The Government of Kenya has ordered a temporary, three-month cessation of all sugar milling operations in the Upper and Lower Western regions, effective July 11, 2025.
This unprecedented directive, announced by the Kenya Sugar Board (KSB), aims to address a severe shortage of mature sugarcane and pave the way for a more sustainable future for the industry.
The shutdown, which will impact key millers including Nzoia Sugar Company, Butali Sugar Mills, West Kenya Sugar Company (and its Olepito and Naitiri units), Mumias Sugar (2021) Ltd, and Busia Sugar Industry Ltd, comes after a stakeholder consultative meeting on July 4 in Kisumu confirmed the dire state of cane supply.

Gov’t Orders 3 Month Shutdown of Western Sugar Mills Over Cane Shortage.
KSB Chief Executive Officer Jude Chesire highlighted that inadequate cane development planning has led to widespread harvesting of immature cane, causing significant losses for farmers due to lower yields and a drastic decline in sugar production in the first half of 2025.

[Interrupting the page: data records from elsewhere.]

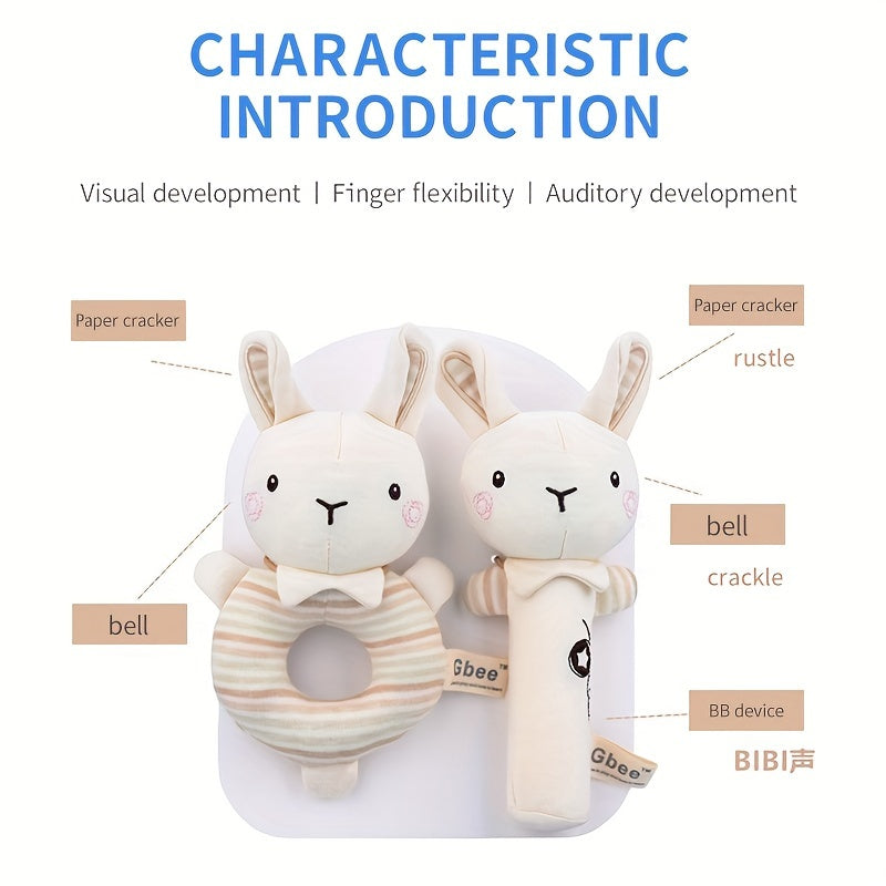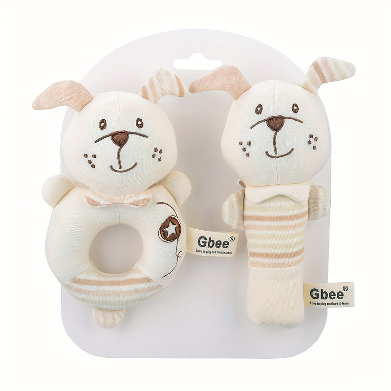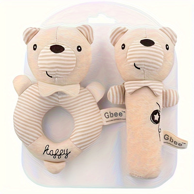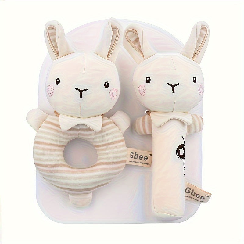 2 ta paxta rattles to'plami, 0-1 yoshdagi bolalar uchun yumshoq tutqichli o'yinchoqlar, shirin qo'ng'iroq ovozlari bilan, bej rangda - chaqaloqlar uchun mukammal qulay o'yin do'stlari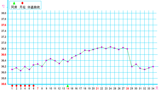 女性月经周期以月经见红第一天为周期的开始,周期的长短因人而异,约为21-35天不等,平均约为28天,其中又以排卵日为分隔,分为排卵前的滤泡期,与排卵后的黄体期。滤泡期长短不一定,但黄体期固定约为14天上下两天。排卵后次日,因卵巢形成黄体,分泌黄体素会使体温上升摄氏0。6度左右,而使体温呈现高低两相变化。高温期约持续12-16天(平均14天)。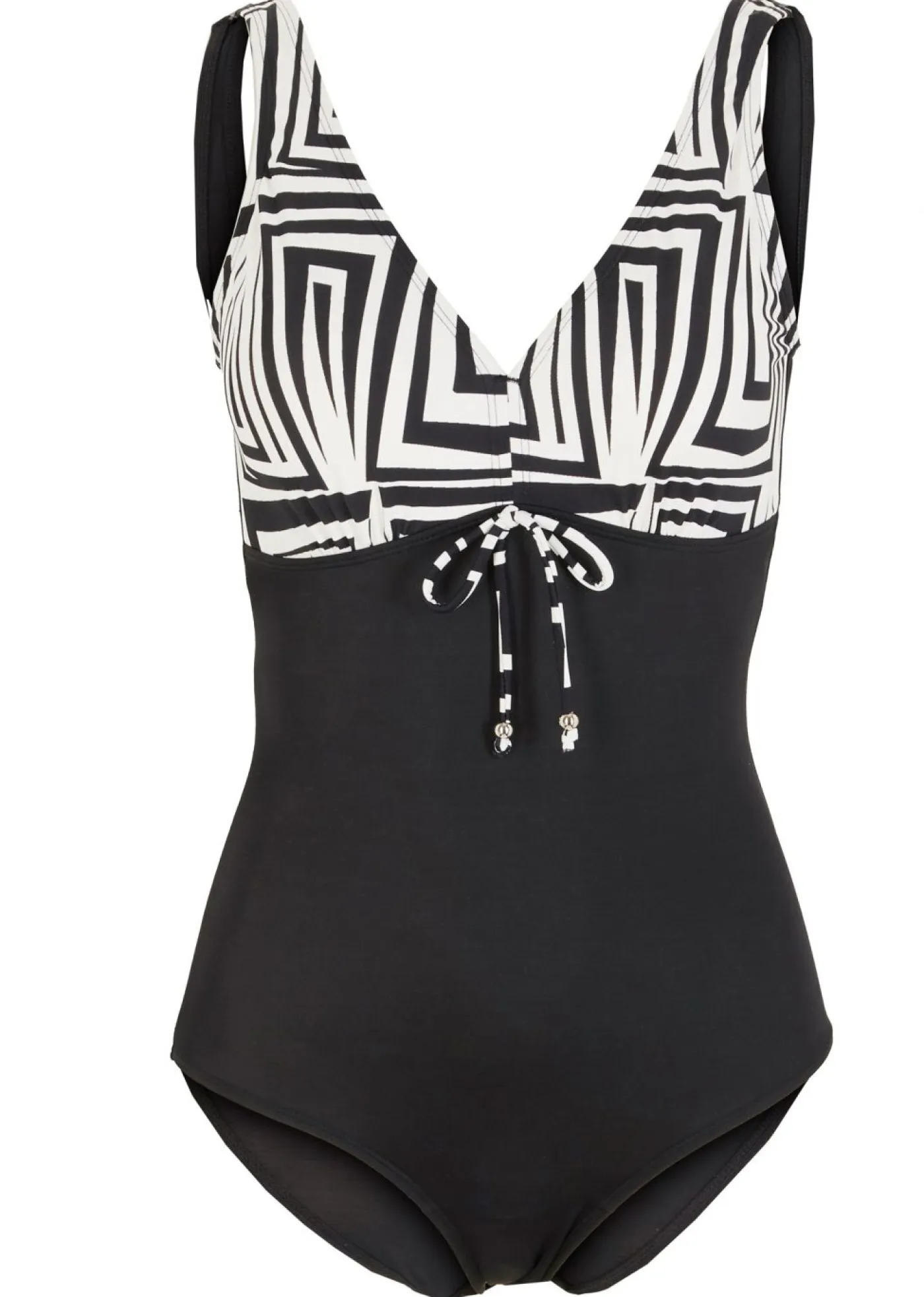Bañador llamativo con lazo y un bonito estampado. Bañador de una pieza con cuello de pico y copas con diseño geométrico. Copas suaves, forro en el busto y franja elástica bajo el busto para mayor soporte. Protege tu piel del sol.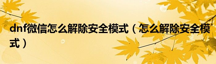 大家好,来宝来为大家解答以下问题,dnf微信怎么解除安全模式,怎么解除安全模式很多人还不知道,今天让我们一起来看看吧!
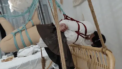 露露白天穿了一天的棉袜被无情塞进嘴里后被马具口塞堵住无法吐出,眼睛被蒙享受坐在吊椅上荡秋千的感觉。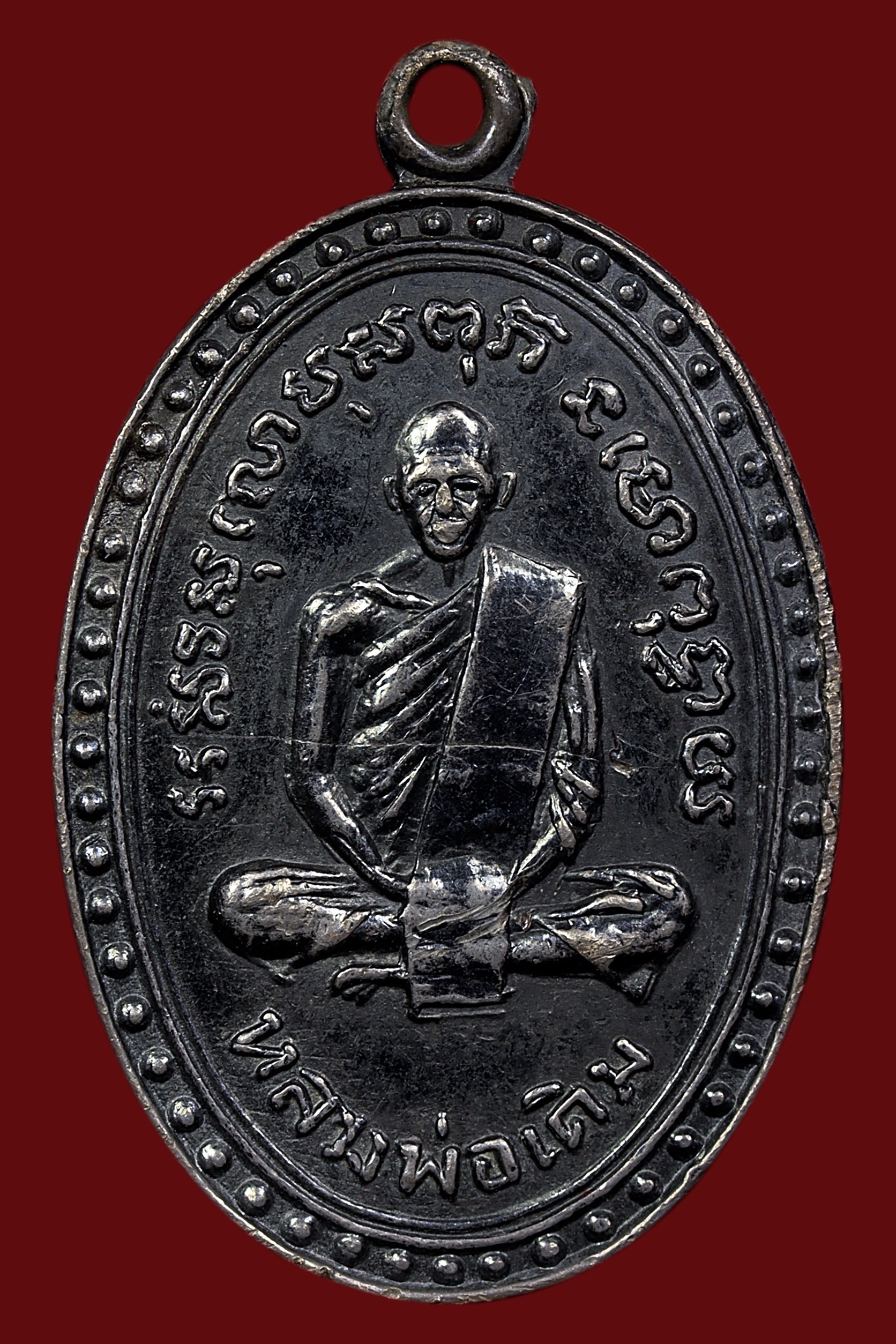 เหรียญหลวงพ่อแดง วัดเขาบันไดอิฐ รุ่นแรก ปี 2503 เนื้อทองแดงรมดำ จังหวัดเพชรบุรี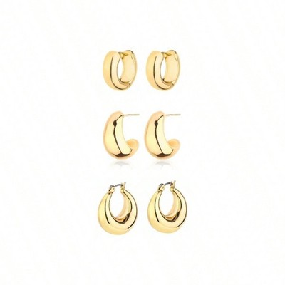 14K Gold over Sterling Silver Stud Earrings with Simulated Diamonds set of 3 (6 total pieces)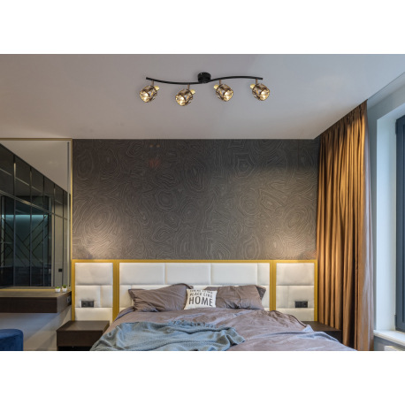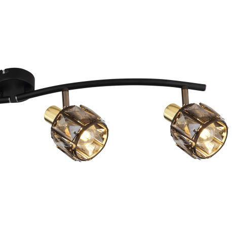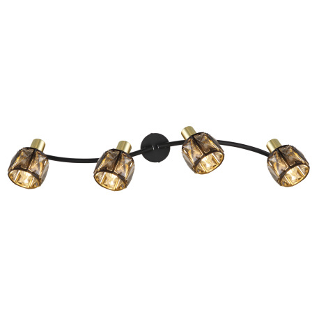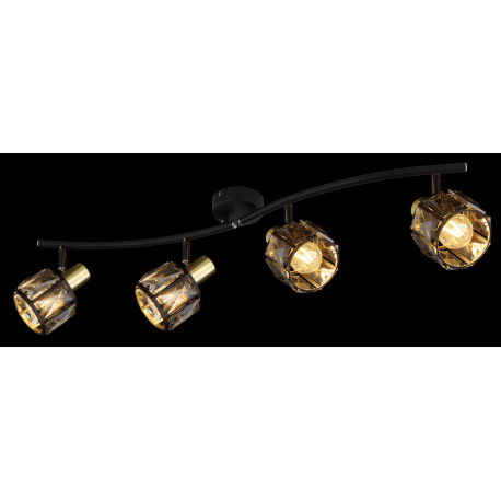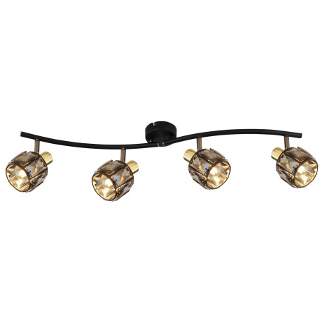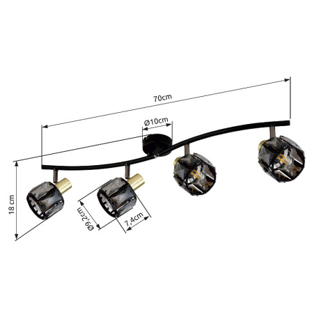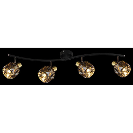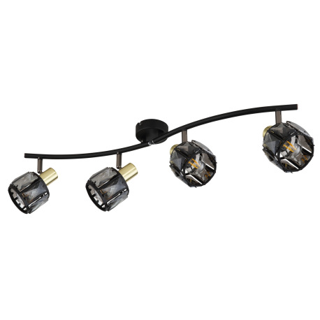 Stropné svietidlo, kov čierny, kov zlatý, sklenené krištále dymové, nastaviteľné, DxŠxV:700x315x180m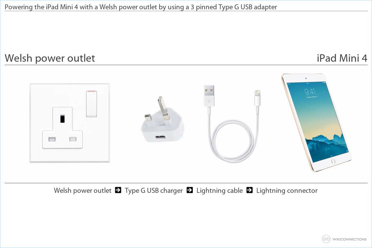 - In order to supply power to the iPad Mini 4 from the Welsh power outlet you'll need a Type G USB power plug adapter [4] and a USB to Apple Lightning cable [5], Apple will normally include this cable when you buy the iPad Mini 4.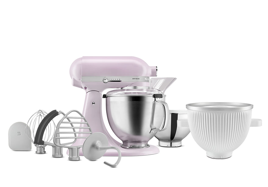 This bundle includes the iconic KSM195 Stand Mixer plus our Ice Cream Bowl Attachment and a premium accessories pack.

This suspension is designed to allow existing sugarcane to mature and facilitate a comprehensive reset in cane supply planning.
The KSB plans to conduct a cane census within two months to accurately assess field readiness before operations resume. Millers have also been directed to intensify cane development efforts to ensure a consistent supply of raw materials moving forward.

Gov’t Orders 3 Month Shutdown of Western Sugar Mills Over Cane Shortage
The temporary closure coincides with the implementation of the new Sugar Development Levy (SDL), which took effect on July 1, 2025.
The levy charges millers and importers 4% on the ex-factory price of locally produced sugar and the Cost, Insurance, and Freight (CIF) value of imported sugar. The Kenya Revenue Authority (KRA) has been appointed as the official collection agent, with all levies due by the 10th of each month.
The National Treasury has further approved the transfer of the Sugar Development Fund from the Commodity Fund to the KSB, a move expected to enhance transparency and credit discipline.
The KSB projects annual SDL collection to exceed Ksh 5 billion, with significant portions allocated to cane development programs (40%), road rehabilitation in sugar zones (15%), cane research and innovation (15%), and factory modernization (15%).
This strategic financial injection, coupled with the operational pause, is a coordinated effort to rebuild the sector and achieve the ambitious goal of phasing out sugar imports by 2027.